== Collected material ==
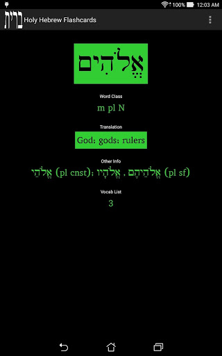 This app provides flashcards for the most frequent vocabulary of Biblical Hebrew in random order. The vocabulary is based on the textbook "Holy Hebrew" by Steven Coxhead. Each flashcard identifies the word class of the vocabulary item, its translation, other information (where relevant), and the vocabulary list in the textbook that the item is from. The app also allows users to choose specific vocab lists and word classes to drill.
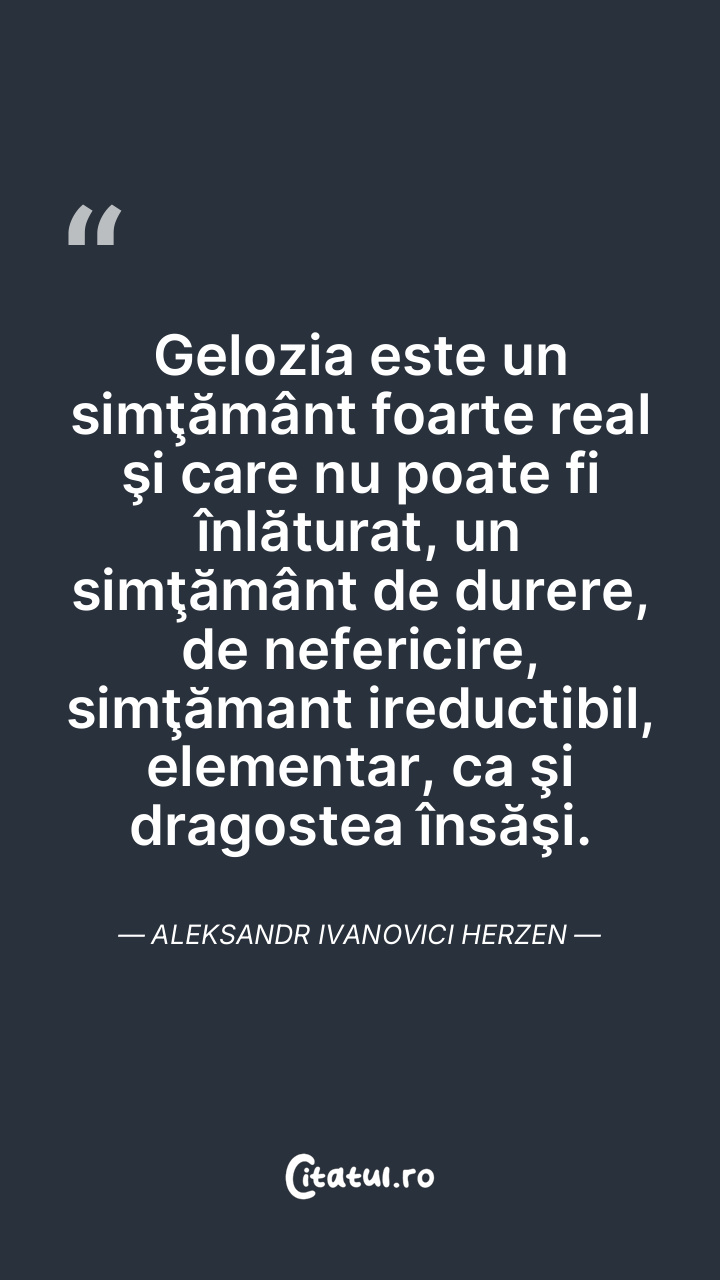 Gelozia este un simţământ foarte real şi care nu poate fi înlăturat, un simţământ de durere, de nefericire, simţămant ireductibil, elementar, ca şi dragostea însăşi. Aleksandr Ivanovici Herzen
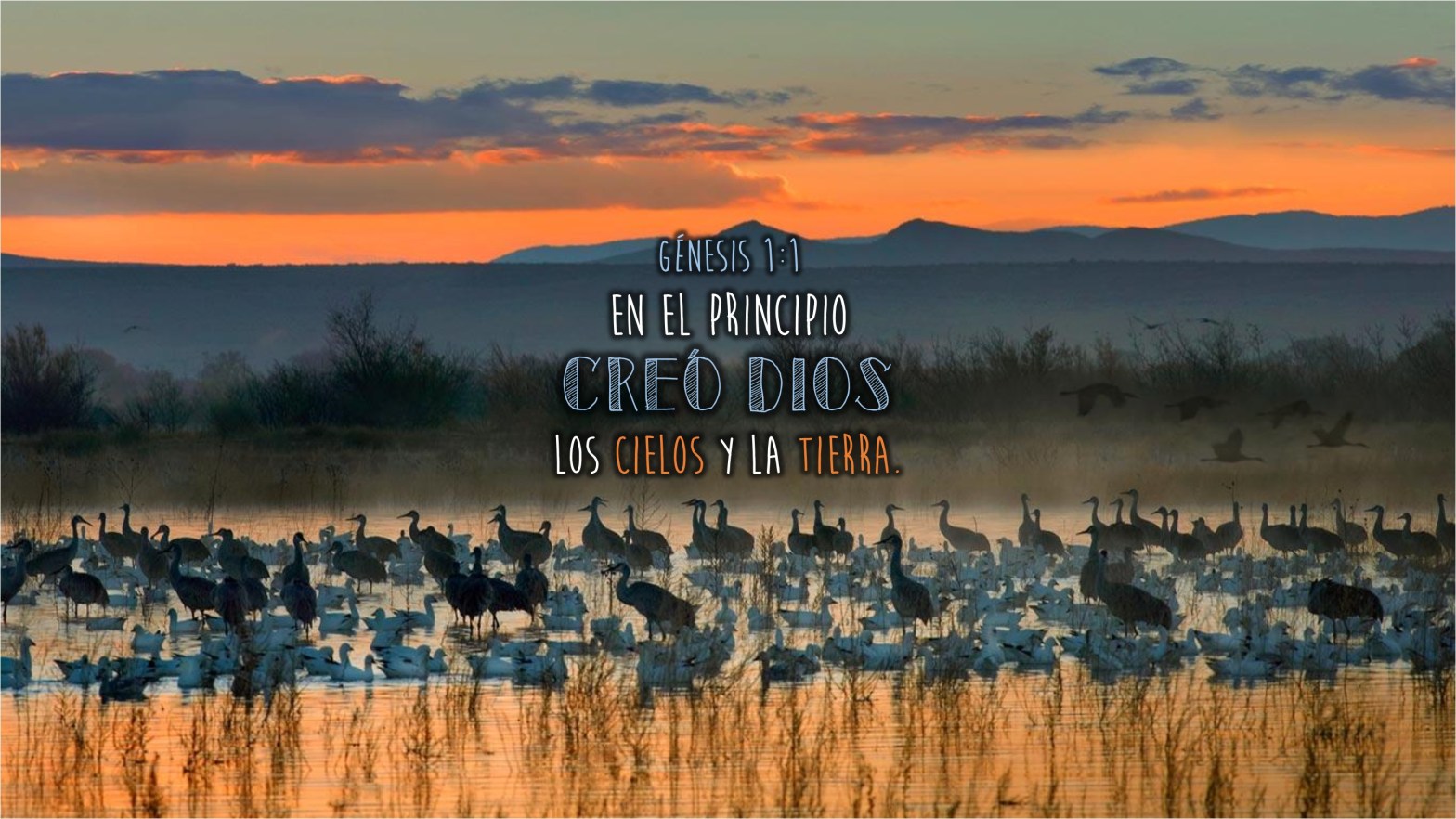“En el principio creó Dios los cielos y la tierra. […] Dijo también Dios: Júntense las aguas que están debajo de los cielos en un lugar, y descúbrase lo seco. Y fue así. Y llamó Dios a lo seco Tierra, y a la reunión de las aguas llamó Mares. Y vio Dios que era bueno. Después dijo Dios: Produzca la tierra hierba verde, hierba que dé semilla; árbol de fruto que dé fruto según su género, que su semilla esté en él, sobre la tierra. Y fue así. […] Y fue la tarde y la mañana el día tercero. […] Luego dijo Dios: Produzca la tierra seres vivientes según su género, bestias y serpientes y animales de la tierra según su especie. Y fue así. […] Y vio Dios todo lo que había hecho, y he aquí que era bueno en gran manera. Y fue la tarde y la mañana el día sexto.”

== Exercise description ==
Images stay out, but the rest of the data above must be repeated exactly.

== Answer below ==
 This app provides flashcards for the most frequent vocabulary of Biblical Hebrew in random order. The vocabulary is based on the textbook "Holy Hebrew" by Steven Coxhead. Each flashcard identifies the word class of the vocabulary item, its translation, other information (where relevant), and the vocabulary list in the textbook that the item is from. The app also allows users to choose specific vocab lists and word classes to drill.
 Gelozia este un simţământ foarte real şi care nu poate fi înlăturat, un simţământ de durere, de nefericire, simţămant ireductibil, elementar, ca şi dragostea însăşi. Aleksandr Ivanovici Herzen
“En el principio creó Dios los cielos y la tierra. […] Dijo también Dios: Júntense las aguas que están debajo de los cielos en un lugar, y descúbrase lo seco. Y fue así. Y llamó Dios a lo seco Tierra, y a la reunión de las aguas llamó Mares. Y vio Dios que era bueno. Después dijo Dios: Produzca la tierra hierba verde, hierba que dé semilla; árbol de fruto que dé fruto según su género, que su semilla esté en él, sobre la tierra. Y fue así. […] Y fue la tarde y la mañana el día tercero. […] Luego dijo Dios: Produzca la tierra seres vivientes según su género, bestias y serpientes y animales de la tierra según su especie. Y fue así. […] Y vio Dios todo lo que había hecho, y he aquí que era bueno en gran manera. Y fue la tarde y la mañana el día sexto.”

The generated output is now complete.